▸ **EXERCISE AIM**
Return exactly the lines from the start of the records below through the line containing "Wir trafen auf", both ends included, and leave out the pictures.

▸ **RECORDED INFORMATION**
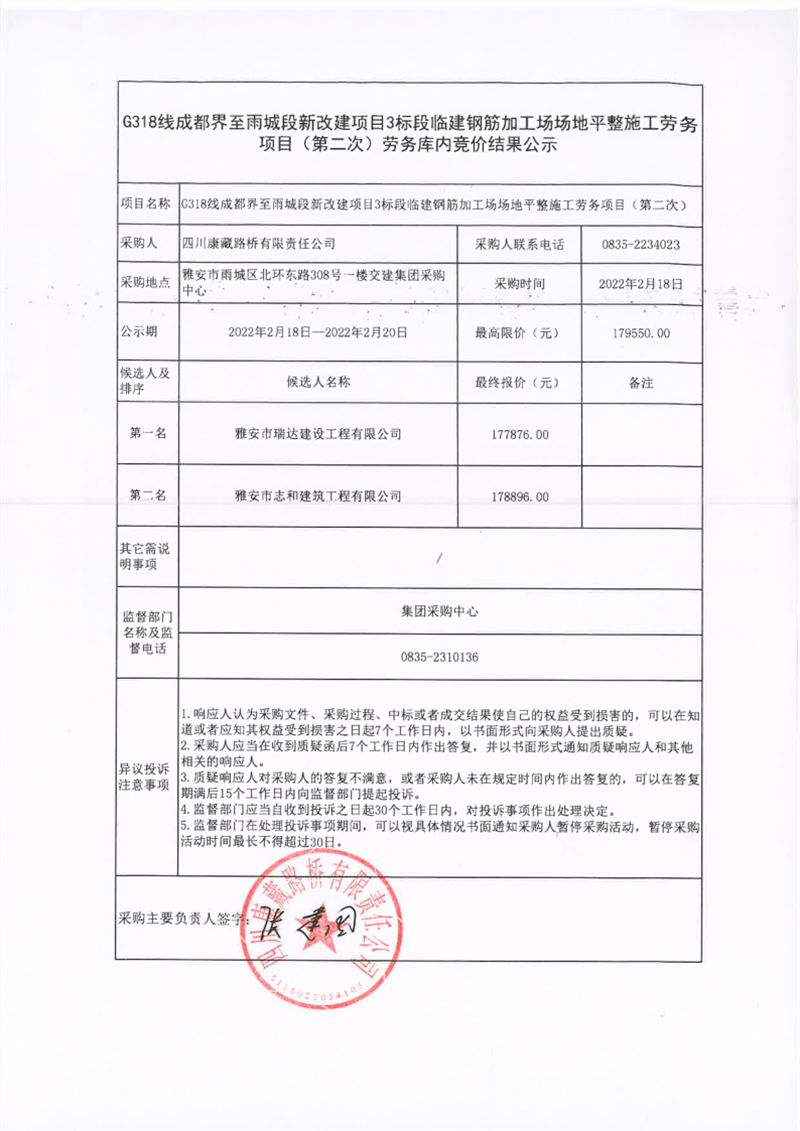 四川康藏路桥有限责任公司G318线成都界至雨城段新改建项目3标段临建钢筋加工场场地平整施工劳务(第二次)库内竞价结果公示
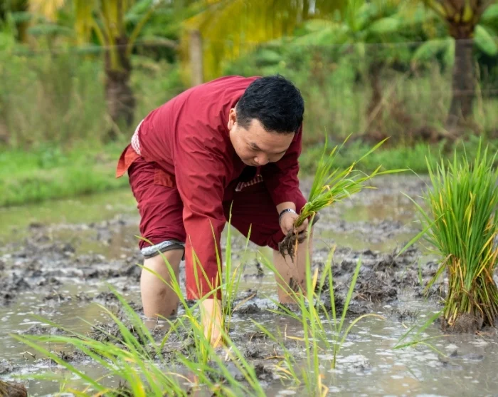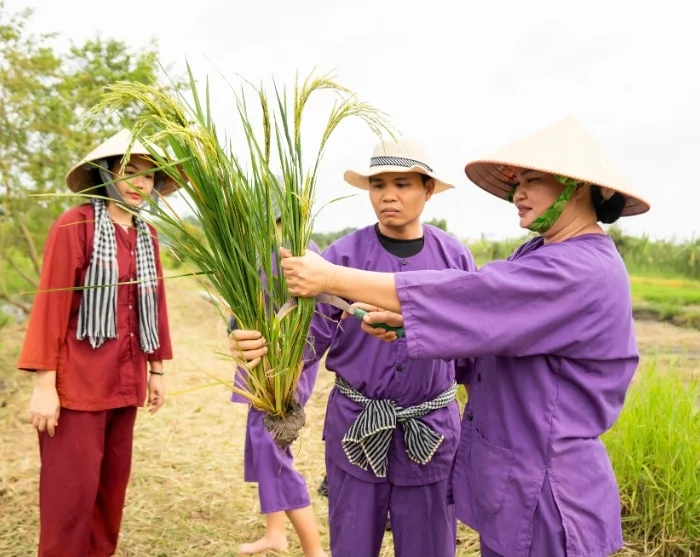 Sen jälkeen jatkat matkaa Vinh Longiin, jossa kumppanimme on käynnistänyt sosiaalisesti kestävän kehityksen hankkeen. Täällä lähdet rauhalliselle kävelylle maalaiskylän läpi, jonka aikana opas kertoo sinulle tarkemmin projektista ja sen merkityksestä. Pääset myös itse kokeilemaan perinteistä maataloustyötä: voit osallistua riisiviljelyyn joko istuttamalla nuoria versoja tai auttamalla sadonkorjuussa, vuodenajasta riippuen. Tämä opettavainen ja aito kokemus tarjoaa ainutlaatuisen näköalan vietnamilaisen maaseudun arkeen ja siihen työhön, joka liittyy kestävään viljelyyn. Osallistumalla retkelle tuet samalla paikallisia perheitä Vinh Longissa, sillä osa matkan hinnasta menee suoraan projektin hyväksi. Voit lukea lisää täältä.
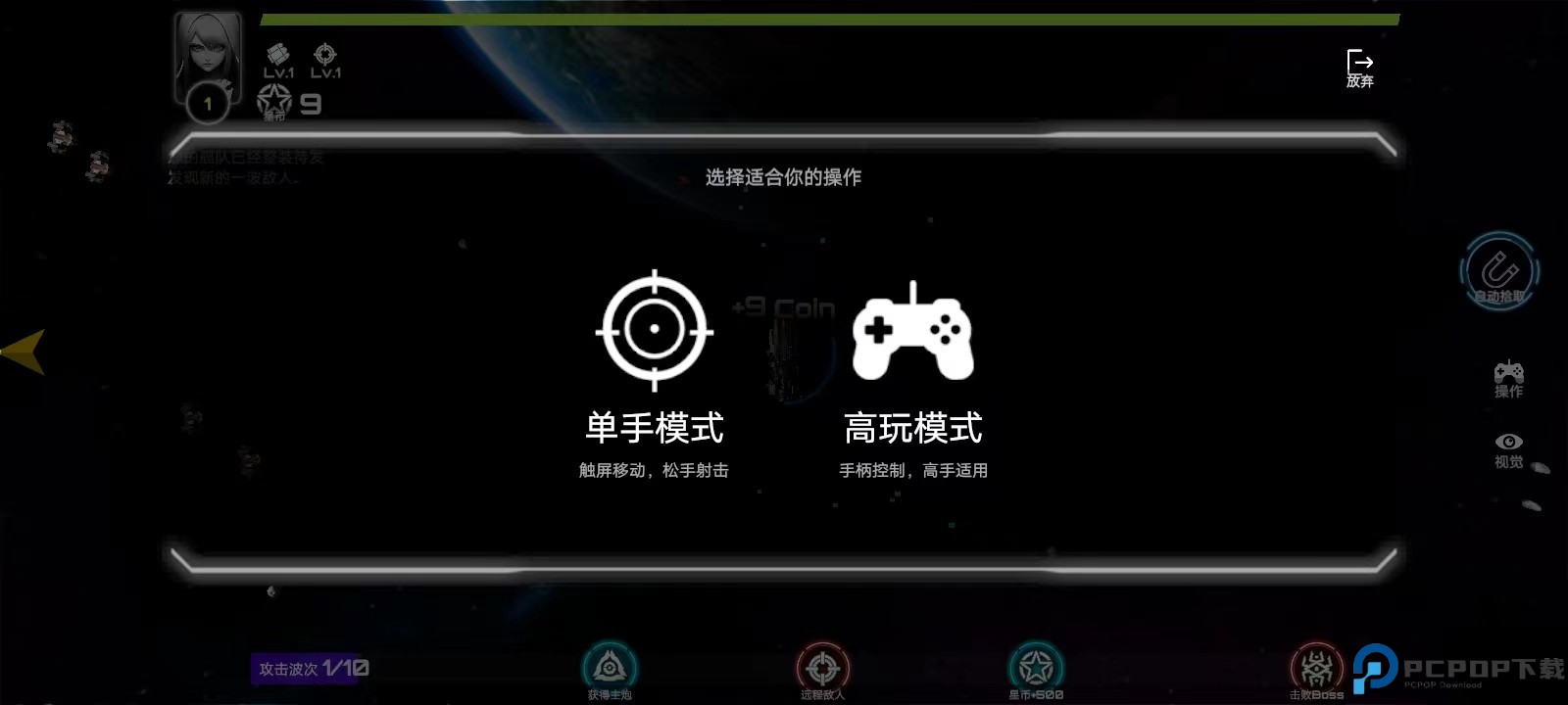 2、选择适合自己的操作,分为单手模式和高玩模式。
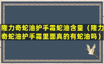 隆力奇蛇油护手霜是一款在中国市场上较为知名的护手产品,它以含有蛇油成分而著称。蛇油被认为具有滋润和修复皮肤的功效,尤其适合干燥、粗糙的手部皮肤。
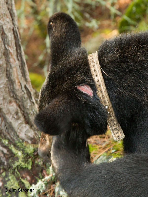 Wir trafen auf Sharon, die versuchen könnte, ein Revier in dem Gebiet südwestlich von Tower, MN, das sie immer wieder besucht, aufzubauen. Sie könnte auf Widerstand stoßen wie man einer großen frischen Schramme auf ihrem Kopf entnehmen kann. Wir wechselten ihre GPS Batterien um mehr Daten zu bekommen, wo sie Futter sucht und wo sie sich niederlässt.
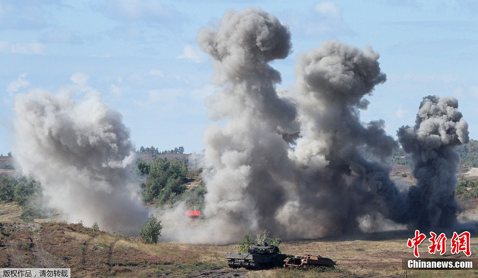 当地时间9月19日,德国联邦国防军陆军在西北部的明斯特地区举行大规模军事演习。图为德国“豹II”主战坦克在演习现场。
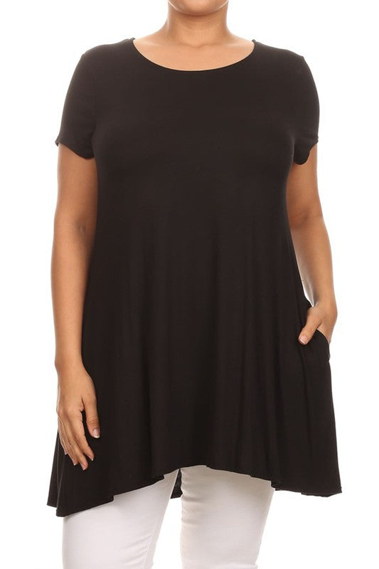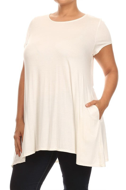 MOA Short Sleeve Tunic Top with Side Pockets - Loose Fit Solid
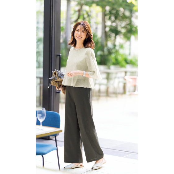ふわっと開くベル袖と、ティアード風に重ねたフレア裾。薄手でドライな編み地で、透け感も涼しげなニットです。内側の裾をボトムにインして、丈や甘さがアレンジできます。
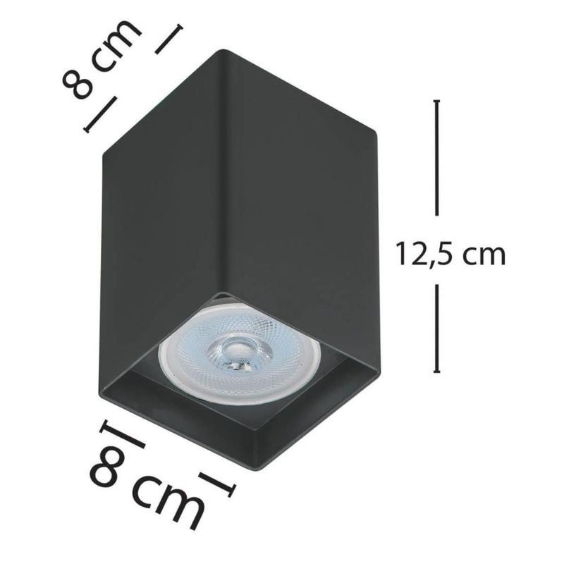 Spot Preto de Sobrepor Quadrado Bivolt Luminária de Teto E27 Área Interna Banheiro Quarto REF: 7898505470649
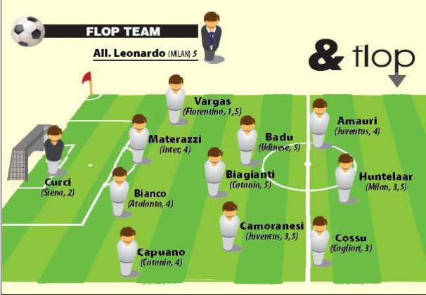 MILANO – Chi aveva scelto questi giocatori per la propria formazione del ‘Fantacalcio’ della scorsa settimana, avrà avuto un lunedì mattina piuttosto amaro. Stiamo parlando degli undici peggiori giocatori, scelti dal ‘Corriere dello Sport’, della scorsa giornata di campionato tra i quali spiccano il viola Vargas, colpevole di aver fallito un calcio di rigore, il cagliaritano Cossu e i bianconeri Camoranesi e Amauri.
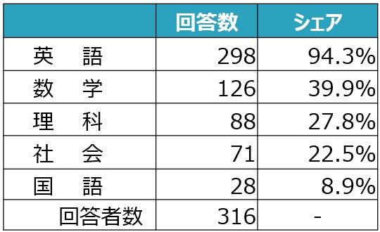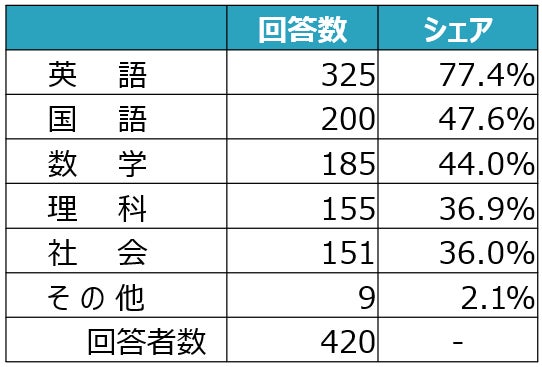 Q:定期テスト対策において、課題を感じている教科は何ですか?
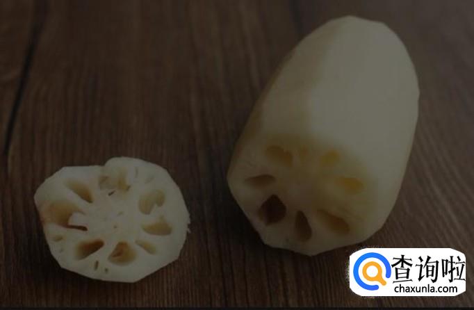 新鲜较短节的莲藕清洗干净,用刮皮刀刮去其外皮,然后用刀切下头部的一部分,如下图所示。
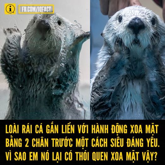 Loài rái cá gắn liền với hành động xoa mặt bằng 2 chân trước một cách siêu đáng yêu. Chúng đang thực hiện skincare-routine chăng?

▸ **ANSWER BOX**
 四川康藏路桥有限责任公司G318线成都界至雨城段新改建项目3标段临建钢筋加工场场地平整施工劳务(第二次)库内竞价结果公示
 Sen jälkeen jatkat matkaa Vinh Longiin, jossa kumppanimme on käynnistänyt sosiaalisesti kestävän kehityksen hankkeen. Täällä lähdet rauhalliselle kävelylle maalaiskylän läpi, jonka aikana opas kertoo sinulle tarkemmin projektista ja sen merkityksestä. Pääset myös itse kokeilemaan perinteistä maataloustyötä: voit osallistua riisiviljelyyn joko istuttamalla nuoria versoja tai auttamalla sadonkorjuussa, vuodenajasta riippuen. Tämä opettavainen ja aito kokemus tarjoaa ainutlaatuisen näköalan vietnamilaisen maaseudun arkeen ja siihen työhön, joka liittyy kestävään viljelyyn. Osallistumalla retkelle tuet samalla paikallisia perheitä Vinh Longissa, sillä osa matkan hinnasta menee suoraan projektin hyväksi. Voit lukea lisää täältä.
 2、选择适合自己的操作,分为单手模式和高玩模式。
 隆力奇蛇油护手霜是一款在中国市场上较为知名的护手产品,它以含有蛇油成分而著称。蛇油被认为具有滋润和修复皮肤的功效,尤其适合干燥、粗糙的手部皮肤。
 Wir trafen auf Sharon, die versuchen könnte, ein Revier in dem Gebiet südwestlich von Tower, MN, das sie immer wieder besucht, aufzubauen. Sie könnte auf Widerstand stoßen wie man einer großen frischen Schramme auf ihrem Kopf entnehmen kann. Wir wechselten ihre GPS Batterien um mehr Daten zu bekommen, wo sie Futter sucht und wo sie sich niederlässt.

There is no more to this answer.